Let me adopt the following definitions:
A real number $x$ is weakly computable if it satisfies one of equivalent definitions given here.
A real number $x$ is strongly computable if the binary expansion of $x$ is a computable string (we don't need to worry about nonuniqueness of expansion for dyadics, since then both expansion are computable).
As it was explained to me in comments to this answer, these two notions are not equivalent, at least not in an obvious way, because if $x$ had some extremely good dyadic rational approximations, then we couldn't decide whether the binary expansion will contain $0111...$ or $1000...$. Here is my question:
Are there any known weakly computable reals which aren't strongly computable?

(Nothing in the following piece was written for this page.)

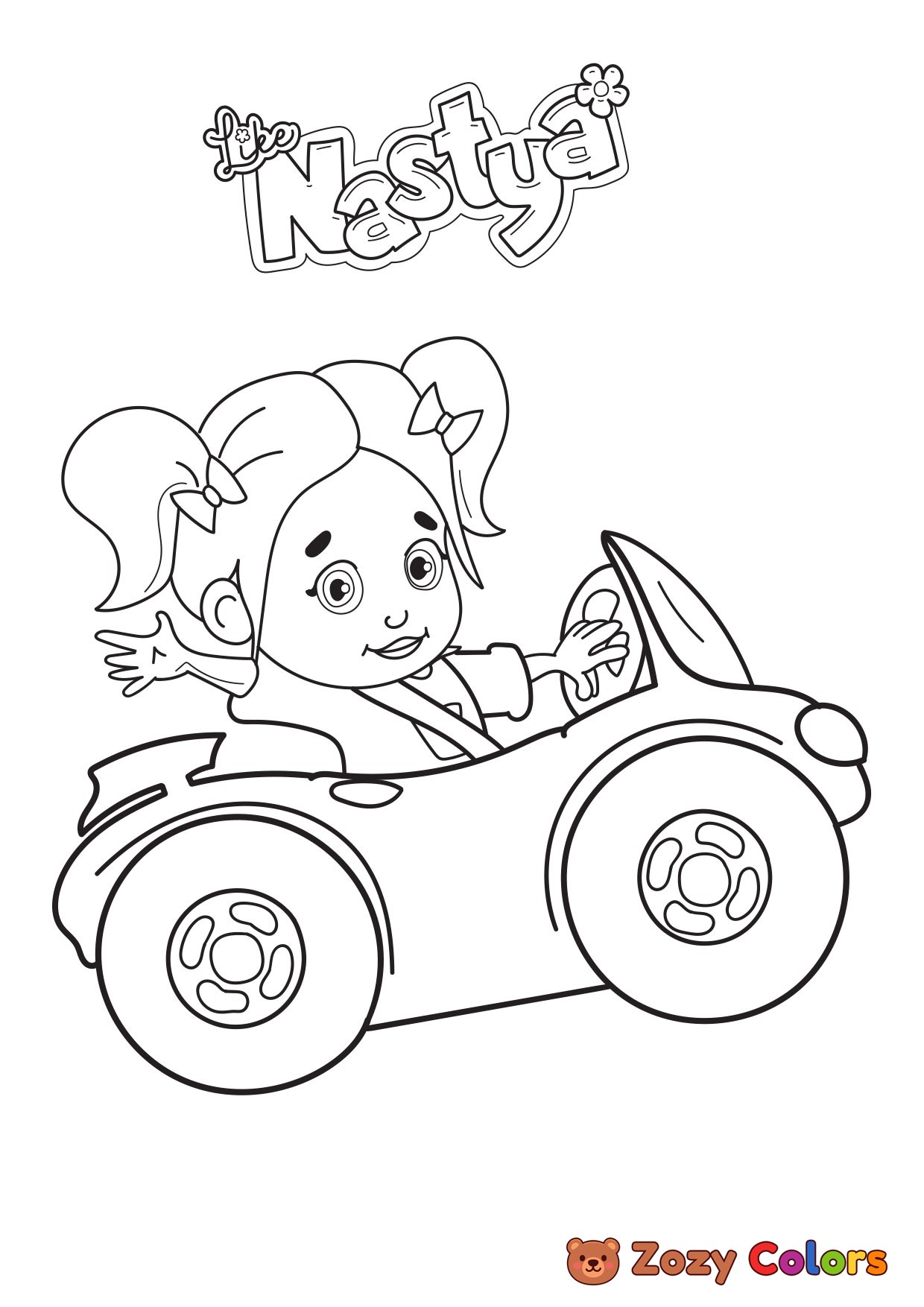 LIke Nastya in a car. Coloring page to print or download and color for your kids.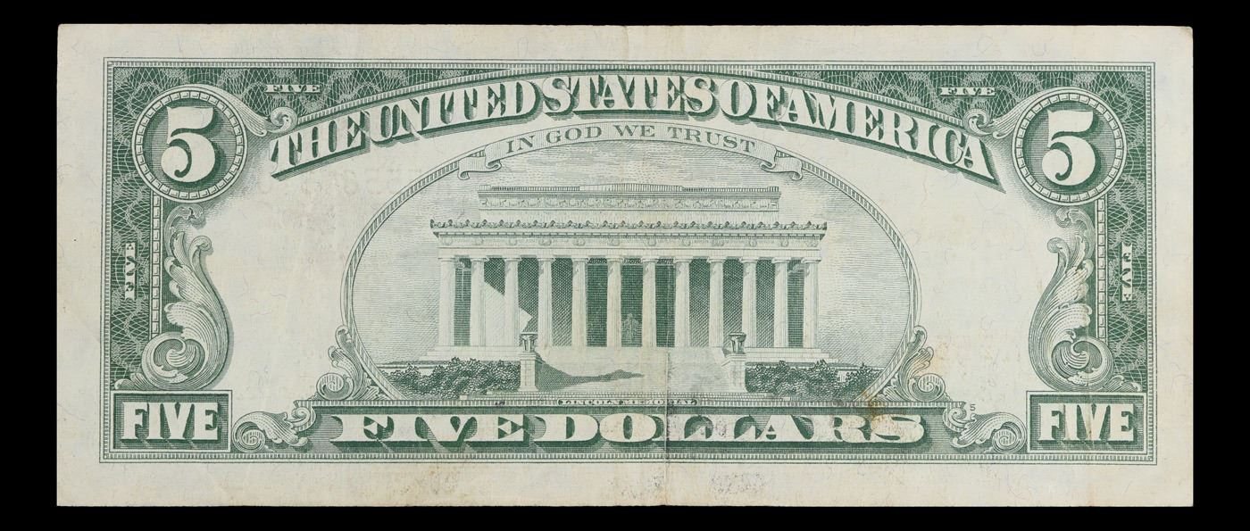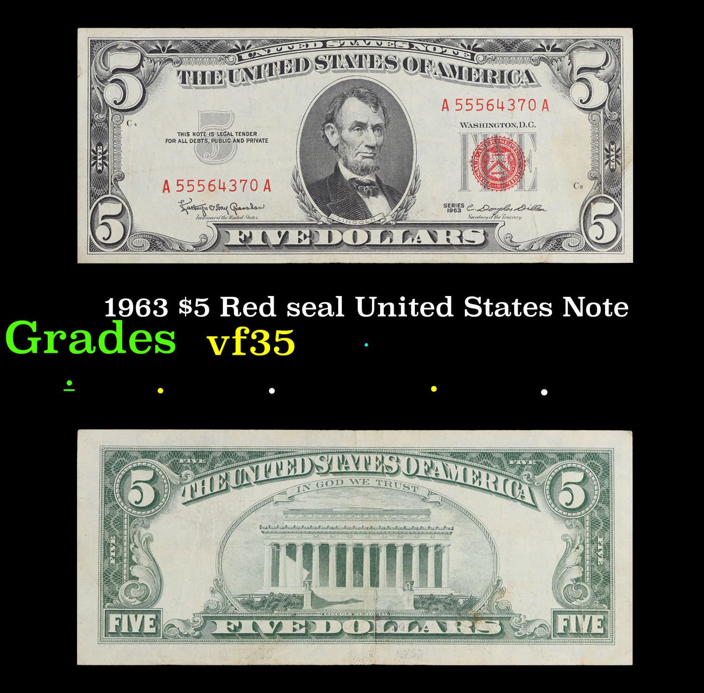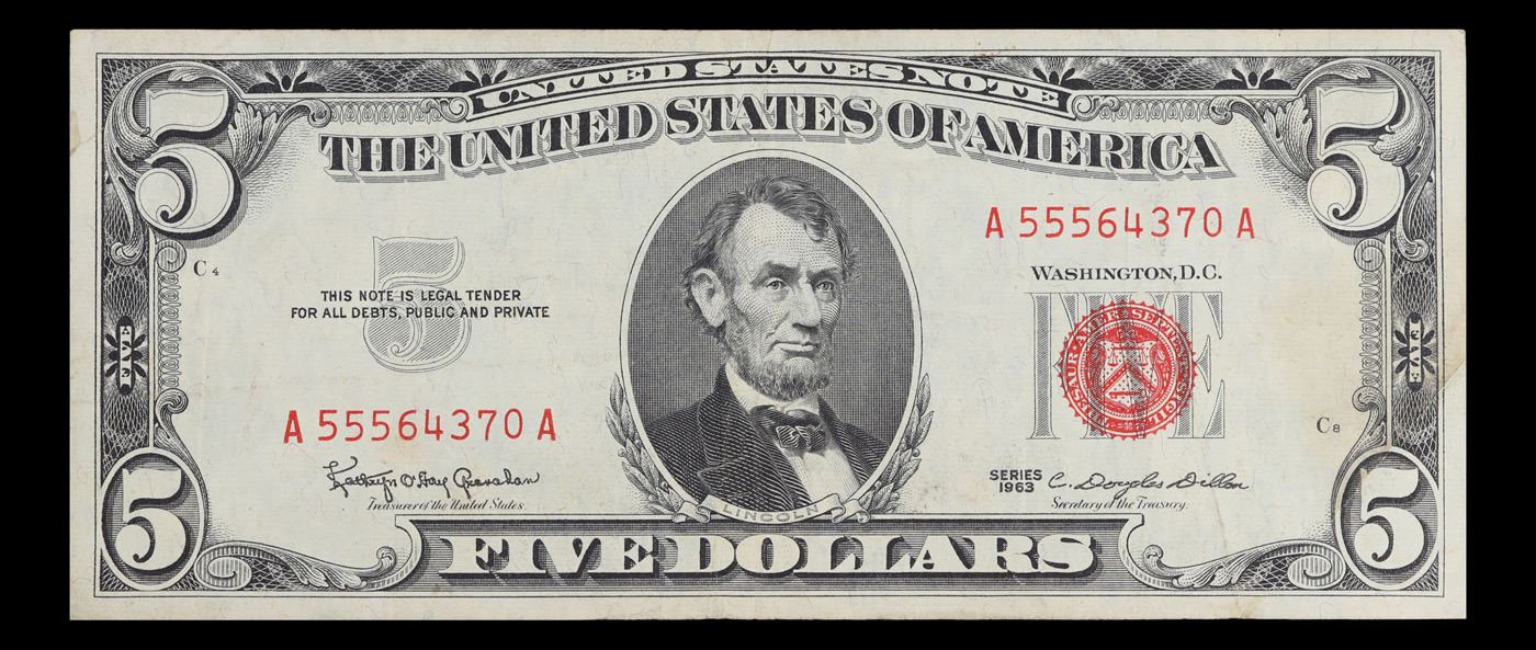 1963 $5 Red seal United States Note Grades vf++. Each 1963 five dollar red seal bill has serial number written in red ink. There is a red seal on the right hand side of the bill. All 1963 red seals were printed in Washington DC and feature a portrait of Abraham Lincoln in the center of the bill. You can also find the following wording on each bill, “United States Note, The United States of America, This Note Is A Legal Tender At Its Face Value For All Debts Public And Private, Will Pay To The Bearer On Demand Five Dollars”

A possible, but unlikely, example is $\gamma$, for which we don't have any estimates on well-approximability (at least I don't know of any) of it. Of course many numbers are known to be strongly computable, and we know this because we can show that rational approximations can't be too good. To name a few examples: $\pi$, $e$, any algebraic number and actually any non-Liouville number.
I was thinking of constructing an example using Busy Beaver sequence to get long trails of ones and zeroes, but I didn't manage to get a number which would be weakly but not strongly computable.
Thanks in advance.
The notions are equivalent; say we have a real number $x$ that is not a terminating decimal number (a terminating decimal is both strongly and weakly computable), but is weakly computable. Then there is a function $f(n)$ such that for every positive integer $n$, $\frac{f(n)}{n}$ is within $\frac{1}{n}$ of $x$. Let's say that $x$ has a binary expansion of $. d_1 d_2 \ldots d_m 0 0 \ldots 0 1 \ldots$, where the 1 is in the $n$th place. To determine that the first $m$ digits of $x$ are $d_1 d_2 \ldots d_m$, we merely need to evaluate the function $f(j)$ for $j \ge 2^{n+1}$, since then we will have $x < \frac{f(j)+1}{j}$, so $\frac{f(j)}{j} > x - \frac{1}{j} > x - \frac{1}{2^{n+1}} > .d_1 d_2 \ldots d_m + \frac{1}{2^{n+1}}$. So, we will know that $x$ is at least $\frac{f(j)}{j} - \frac{1}{j} > \frac{f(j)}{j} - \frac{1}{2^{n+1}} > .d_1 d_2 \ldots d_m$. A similar argument works if $x$ is of the form $. d_1 d_2 \ldots d_m 1 1 \ldots 1 0 \ldots$.
The problem is, we don't know in advance what value of $j$ to choose. So our algorithm is to choose a $j$, and if it doesn't determine the first $m$ decimal digits, keep increasing $j$ until it does.